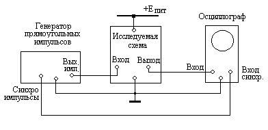 В процессе измерения длительности переходных процессов желательно использовать внешнюю синхронизацию осциллографа. Это обеспечивает независимость уровня синхронизации от амплитуды импульсов сигнала EГ и повышает точность отсчета длительности исследуемого процесса.
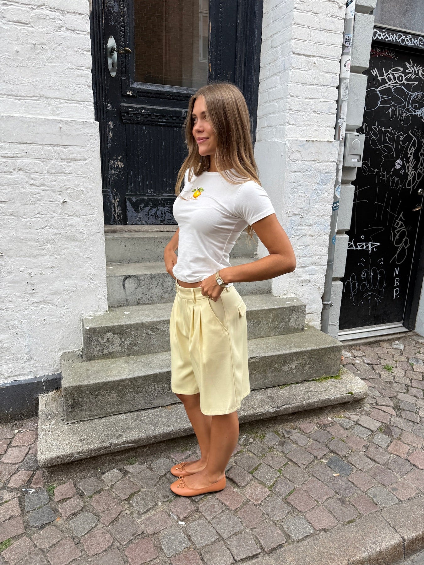 Disse butter lysegule shorts har en afslappet, men struktureret pasform med læg foran, bæltestropper og en klassisk knaplukning. De er lavet i et let og luftigt materiale, der falder flot og gør dem super behagelige at have på – også på varme dage.
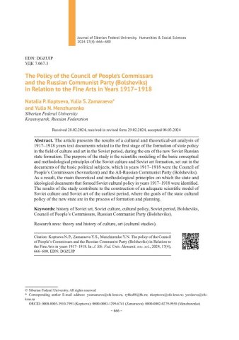 Библиографическое описание:Копцева, Н. П. Политика Совнаркома и Российской коммунистической партии (большевиков) по отношению к изобразительному искусству в 1917–1918 гг. = The Policy of the Council of Peoples Commissars and the Russian Communist Party (Bolsheviks) in Relation to the Fine Arts in Years 1917–1918 / Н. П. Копцева, Ю. С. Замараева, Ю. Н Менжуренко. - Текст : непосредственный // Журнал Сибирского федерального университета. Гуманитарные науки. - 2024. - Т. 17, № 4. - С. 666-680. - Библиогр.: с. 677-680. - ISSN 1997-1370.

## [What the exercise asks]
Return all of the lines above without alteration, minus the pictures.

## [Solution to the problem]
 В процессе измерения длительности переходных процессов желательно использовать внешнюю синхронизацию осциллографа. Это обеспечивает независимость уровня синхронизации от амплитуды импульсов сигнала EГ и повышает точность отсчета длительности исследуемого процесса.
 Disse butter lysegule shorts har en afslappet, men struktureret pasform med læg foran, bæltestropper og en klassisk knaplukning. De er lavet i et let og luftigt materiale, der falder flot og gør dem super behagelige at have på – også på varme dage.
 Библиографическое описание:Копцева, Н. П. Политика Совнаркома и Российской коммунистической партии (большевиков) по отношению к изобразительному искусству в 1917–1918 гг. = The Policy of the Council of Peoples Commissars and the Russian Communist Party (Bolsheviks) in Relation to the Fine Arts in Years 1917–1918 / Н. П. Копцева, Ю. С. Замараева, Ю. Н Менжуренко. - Текст : непосредственный // Журнал Сибирского федерального университета. Гуманитарные науки. - 2024. - Т. 17, № 4. - С. 666-680. - Библиогр.: с. 677-680. - ISSN 1997-1370.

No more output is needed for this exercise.